According to a common periodization scheme, the modern era is the third of the major historical epochs after antiquity and the Middle Ages and extends to the present. In historiography, the beginning of the modern era is considered to be the turn of the 15th and 16th centuries, which is perceived as a turning point in several respects, with a certain temporal range - and especially from a European perspective.
Examples of epochal turning points are the Ottoman conquest of Constantinople in 1453, the discovery of America in 1492 and the Reformation initiated by Martin Luther in 1517. From the point of view of cultural history, the Renaissance, humanism and the development of printing in Europe with movable type stamps can also be regarded as turning points. In the sense of a unification of the different levels of observation, the round year 1500 has become customary by historians for the dating of the beginning of the modern era.
Epochs within modern history that follow the Age of Discoveries, early colonialism, and the Reformation and Counter-Reformation are, in Europe, the era of the Thirty Years' War and the Age of Enlightenment; on a global scale, the spread of the Industrial Revolution, the "long" 19th century with the era of imperialism, and the "short" 20th century (with the two world wars, the Holocaust, and the nuclear standoff), which has passed into contemporary history.

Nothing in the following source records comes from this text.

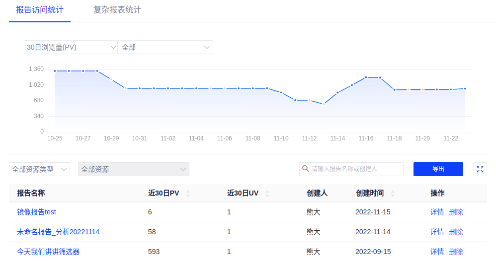 - 普通用户:只能看到且默认展示自己有可编辑权限的报告的访问统计。
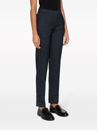 chevron-jacquard cropped trousers Highlights - Navy blue - Chevron print - Jacquard - High waist - Cropped leg - Concealed front fastening - Pressed crease - Straight leg - Straight hem Made in Italy Composition Lining: Viscose 57%, Polyamide 43% Outer: Polyamide 43%, Acrylic (Fiber) 29%, Wool 28% SIZE & FIT Model measurements Height 5 ft 11 in(1.8 m) Bust/Chest 30.7 in(78 cm) Hips 35.03 in(89 cm) Waist 24.4 in(62 cm) FittingInformation Designed for a slim fit, these trousers offer a close fit at the waist, allowing a comfortable close fit and some movement over the leg Made with a midweight knit, this piece offers some stretch This piece fits true to size – take your usual size
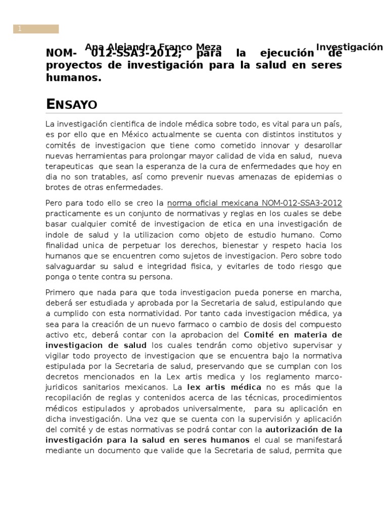 NOM- 012-SSA3-2012; para la ejecucin de
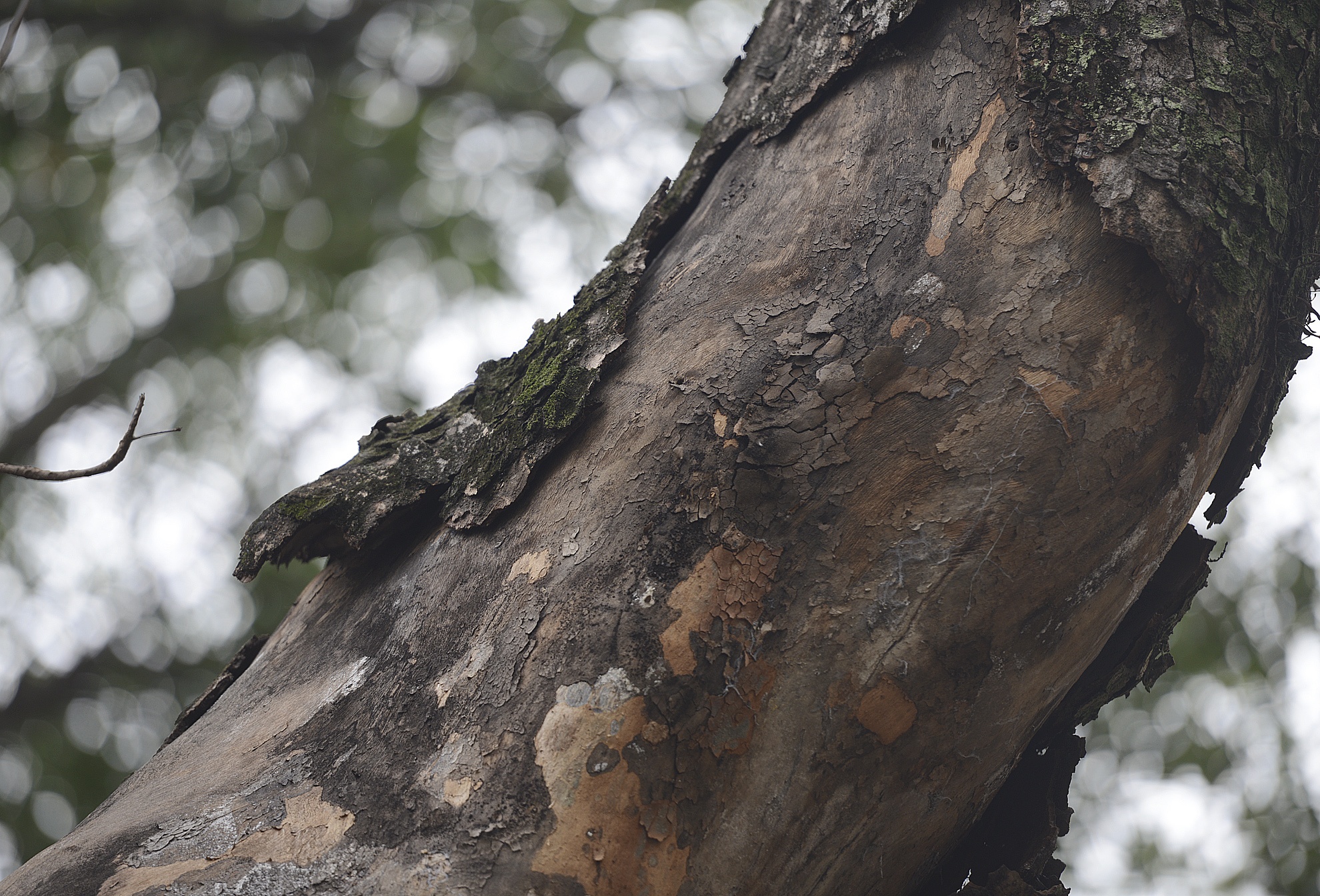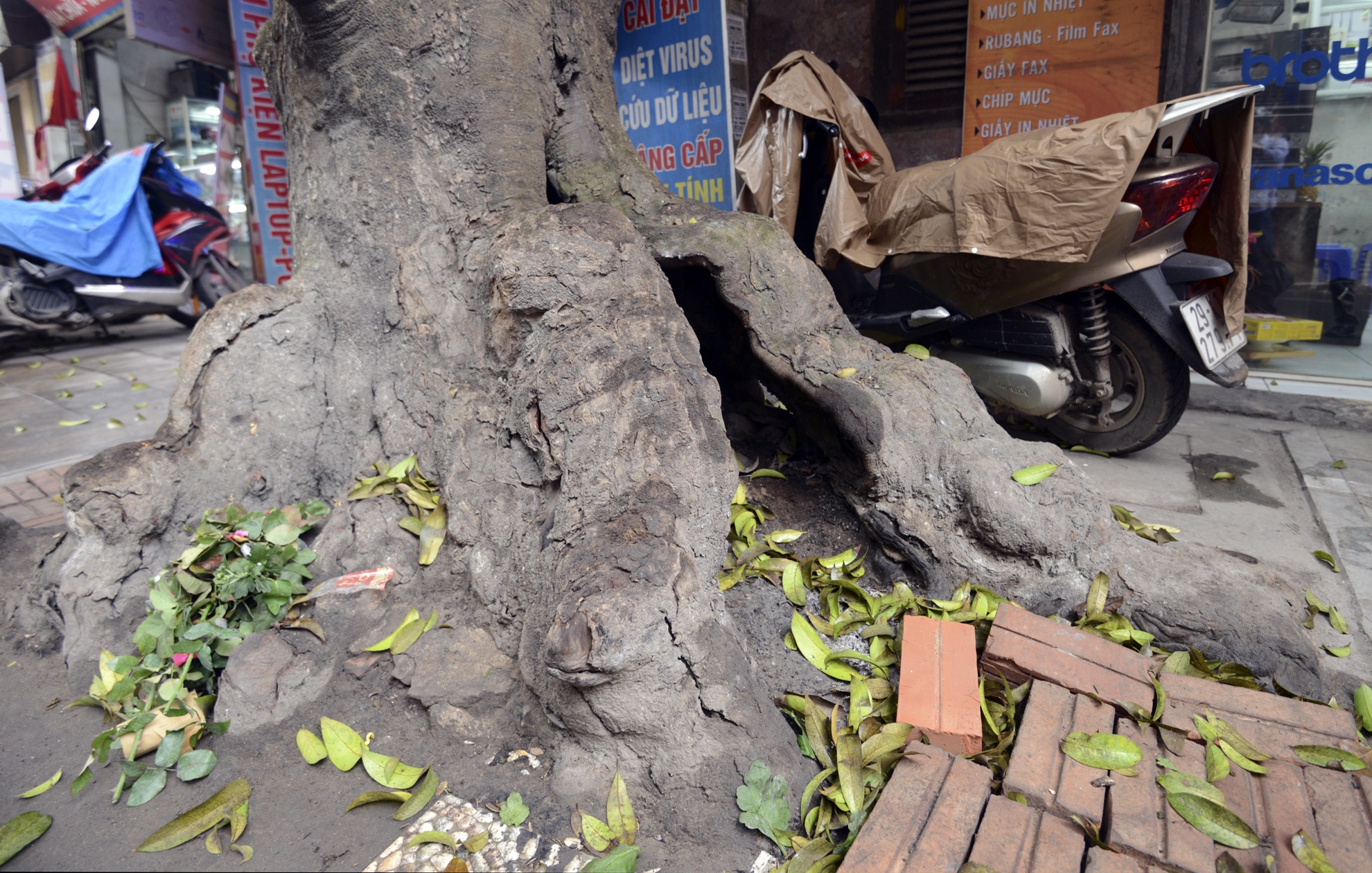 Phần gốc của một cây sấu chồi lên so với vỉa hè, thậm chí mục ruỗng bên trong.
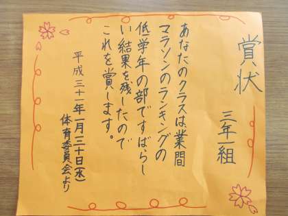 持久走の表彰 公開日 2019/01/30 更新日 2019/01/30 3年生 今日の児童集会では,体育委員会から持久走をがんばったクラスへの表彰がありました。3年1組は,低学年の部で最もたくさん走ったクラスということで賞状をもらうことができました。みんなががんばってもらえた賞状です。教室に掲示して,また他のことにもクラス全員でがんばっていきたいと思います。
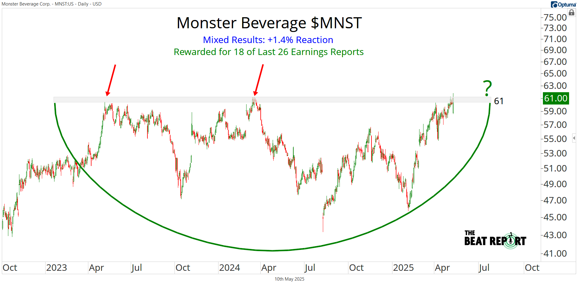 If MNST is above 61, the path of least resistance will shift from sideways to higher for the foreseeable future.
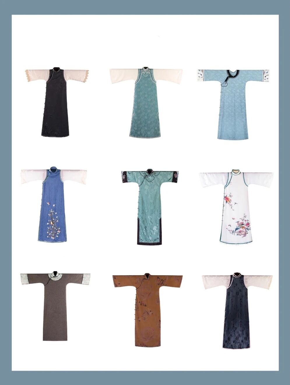 现在我们对旗袍只是分为“传统旗袍、改良旗袍”,很少有人知道古法旗袍。古法旗袍是清代时期的服装慢慢演化过来,而我们现在市面上大部分的旗袍都是传统旗袍和改良旗袍,而古法旗袍与之有明显不同的。
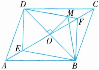 (2)过点O作$OM⊥BD$,垂足为O,交DF于点M,若$△BFM$的周长为12,求四边形BEDF的周长.
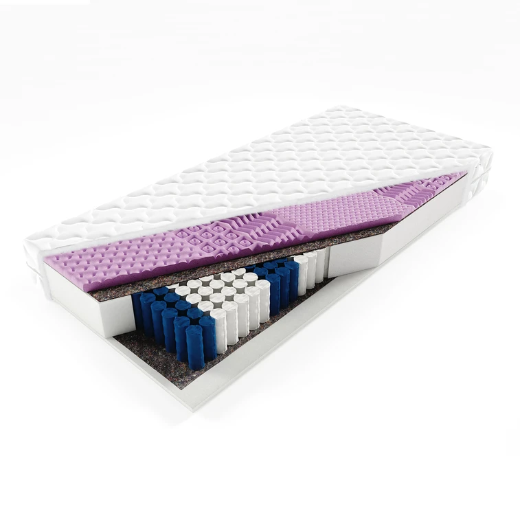 Veľmi kvalitný 7 zónový matrac. Na oboch stranách pokrytý penou. Každá pružina je umiestnená v samostatnom vrecku z textilu.
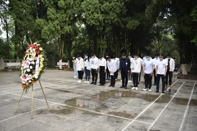 在莊嚴肅穆的氛圍中,全體人員排著整齊的隊伍,站在烈士紀念碑前向革命先烈表達崇高敬意和無限哀思。
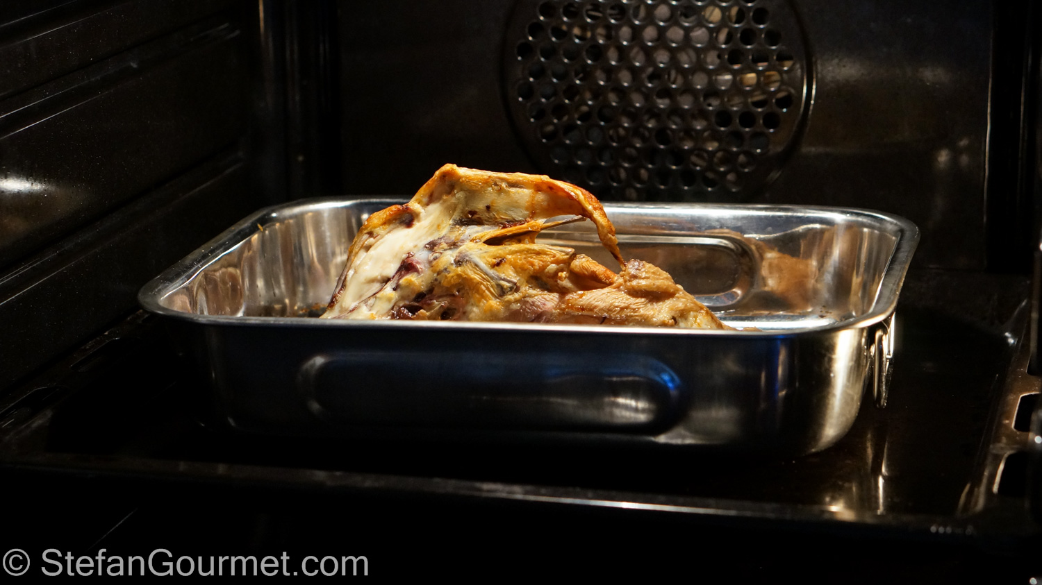 Roast the carcass for half an hour at 190ºC/375ºF.
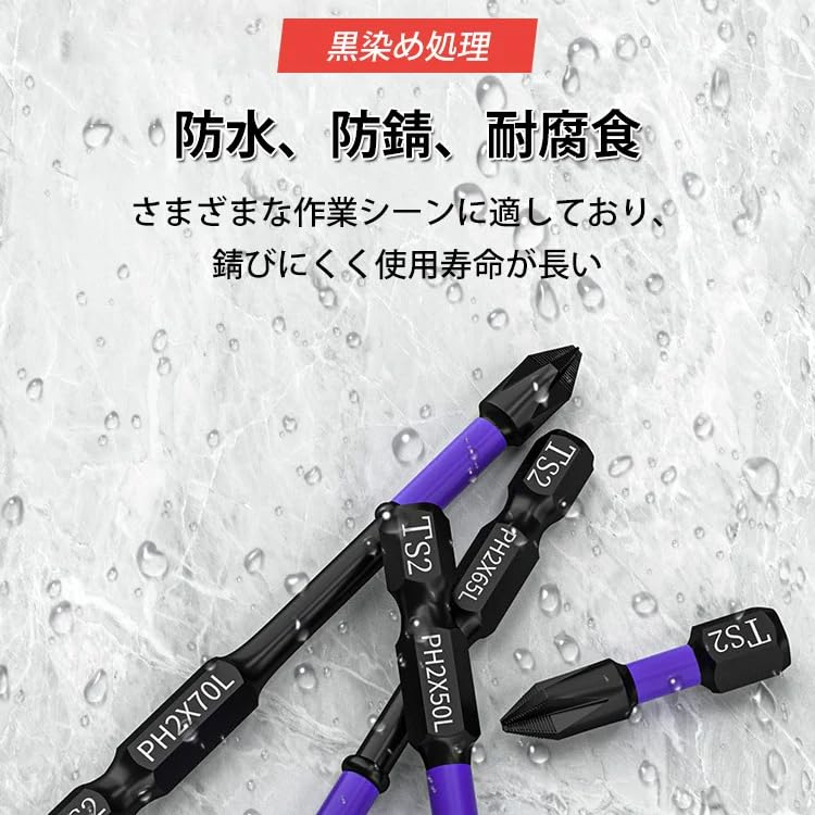 【磁気の強いです】:高負荷/高強度のスクリュードライビング作業用に設計されており、インパクトドライバーでの使用に適しています。ねじの食い込みが深く、ヘッドの滑りを効果的に抑え、作業効率を大幅に向上させます。

The special characteristics of the modern era in contrast to earlier epochs of human history include reduced birth rates with extended life expectancy, an accelerated change in economic and social conditions as well as the globalization of transport connections, economic contexts and communication possibilities. Scientific knowledge, revolutionary upheavals, capitalist economic structures and the democratic striving for freedom are significant as accelerating factors of modern change. The modern optimism of progress, which has dominated for a long time, is subjected to critical reflection in view of humanitarian setbacks and unsolved human problems, such as those associated with the climate crisis.